The team gently activated oxytocin-producing neurons in male mice and compared behavior in enriched semi-natural arenas to behavior in standard laboratory cages. In the semi-natural groups, increased oxytocin signaling initially heightened social interest but soon led to more aggressive interactions, as males competed for territory and resources. By contrast, activating oxytocin neurons in standard, minimal laboratory conditions reduced aggression. “In a naturalistic all-male social setting, competition and resource defense make aggressive responses more likely,” notes Anpilov. “In a deprived lab setting the social cues are different, producing a different effect of oxytocin.”

This is a drawing of two mice
Cooperation or confrontation – Oxytocin can amplify both. Image is credited to Weizmann Institute of Science.

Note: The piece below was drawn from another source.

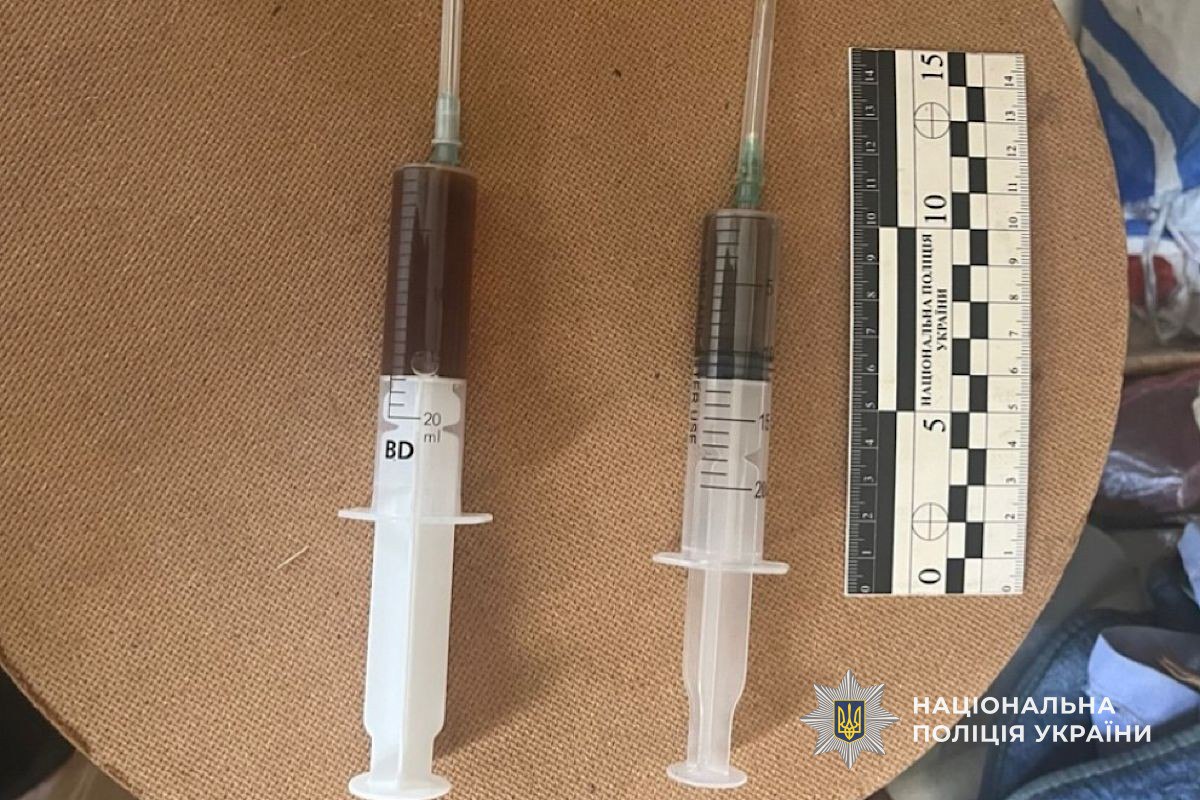 Знайшли медичні шприци з опієм, 360 сліп-пакетиків з канабісом, 17 пляшок з речовиною невстановленого походження різного об’єму, грошові кошти, банківські картки, мобільні телефони та чорнові записи.

Oxytocin can cause antagonistic behaviour

The results demonstrate that oxytocin’s effects are context-dependent: in a rich social environment it can escalate both affiliative and agonistic behaviors, whereas in simple, non-competitive settings it can suppress aggression and enhance social tolerance. Noa Eren emphasizes the practical implications: “Oxytocin does play a role in social behaviors such as closeness and eye contact, but it does not uniformly increase sociability. Its impact depends on the surrounding social context and the individual’s characteristics.”

These findings suggest a more nuanced approach is necessary when considering oxytocin as a therapeutic agent. Researchers and clinicians should account for environmental context and individual differences when designing treatments that target social behavior. The study also highlights the importance of using complex, ecologically valid behavioral paradigms when investigating neuromodulators.

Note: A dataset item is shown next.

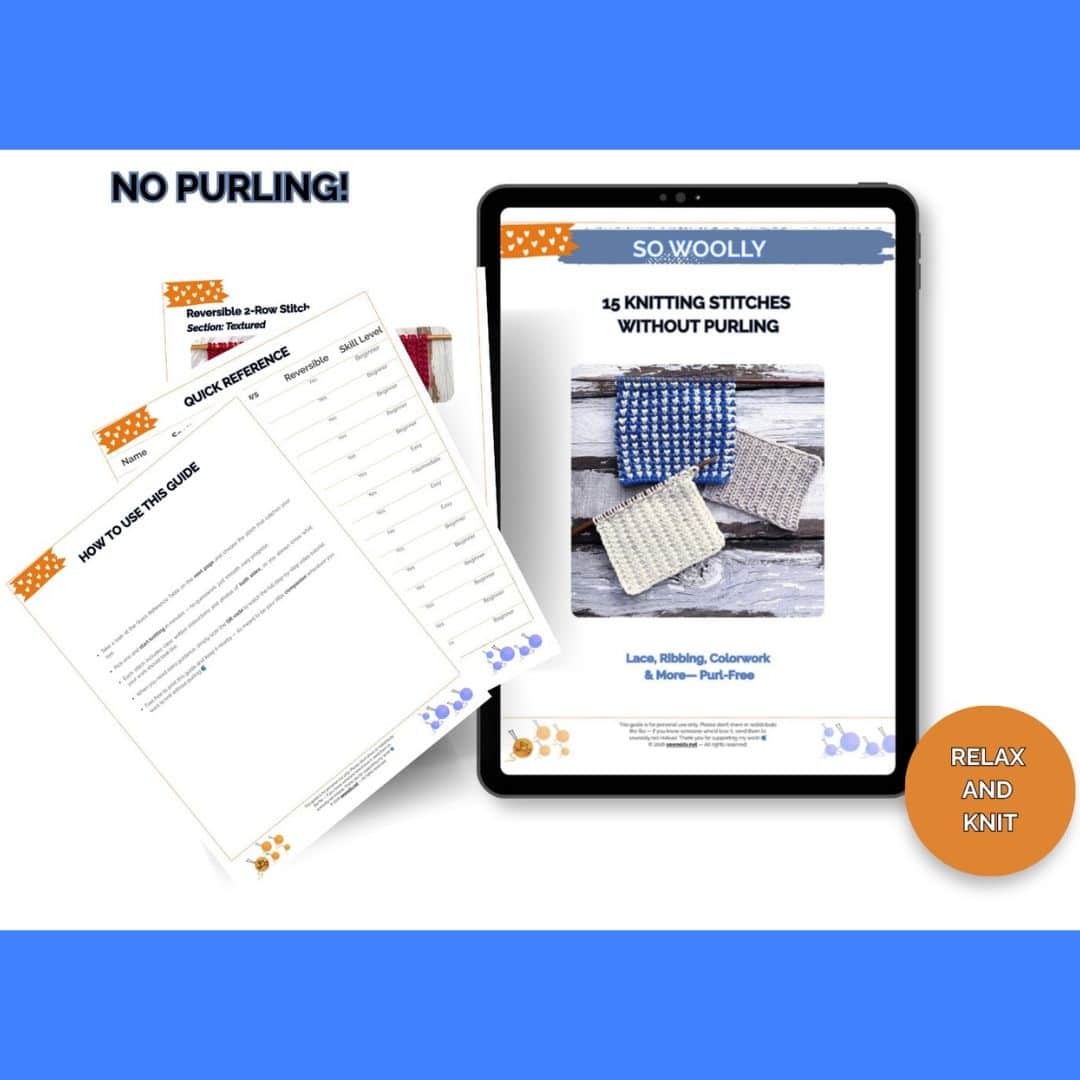 This printable PDF includes 15 beautiful stitch patterns you can knit without purling, using simple techniques that keep your rhythm flowing.

The research team included contributors from the Max Planck Institute for Psychiatry in Munich—research students Asaf Benjamin and Stoyo Karamihalev, staff scientist Dr. Julien Dine, and postdoctoral fellow Dr. Oren Forkosh—along with Prof. Shlomo Wagner and Dr. Hala Harony-Nicolas from Haifa University; Prof. Inga Neumann and Vinicius Oliveira from the University of Regensburg; and electrical engineer Avi Dagan.

About this neuroscience research article

Source: Max Planck Institute
Media Contacts:
Anke Schlee – Max Planck Institute
Image Source:
Weizmann Institute of Science

Original Research: Open access. Title: “Wireless Optogenetic Stimulation of Oxytocin Neurons in a Semi-natural Setup Dynamically Elevates Both Pro-social and Agonistic Behaviors.” Authors: Sergey Anpilov, Yair Shemesh, Noa Eren, Hala Harony-Nicolas, Asaf Benjamin, Julien Dine, Vinícius E.M. Oliveira, Oren Forkosh, Stoyo Karamihalev, Rosa-Eva Hüttl, Noa Feldman, Ryan Berger, Avi Dagan, Gal Chen, Inga D. Neumann, Shlomo Wagner, Ofer Yizhar, and Alon Chen. Published in Neuron, DOI: 10.1016/j.neuron.2020.05.028

Abstract

Wireless Optogenetic Stimulation of Oxytocin Neurons in a Semi-natural Setup Dynamically Elevates Both Pro-social and Agonistic Behaviors

Behavioral neuroscience increasingly uses complex phenotyping approaches that require compatible methods for manipulating neuronal activity. The authors present a compact, magnetically activated, head-mounted device that enables wireless optogenetic stimulation in group-living mice within an enriched semi-natural arena over multiple days. Using this tool, repeated activation of oxytocin neurons in male mice produced divergent effects on pro-social and agonistic behaviors depending on social context. These results support the social salience hypothesis of oxytocin and underscore the importance of environmental complexity when studying social neuromodulators. The wireless device can be adapted to many behavioral paradigms previously limited by tethered light delivery or confined testing environments.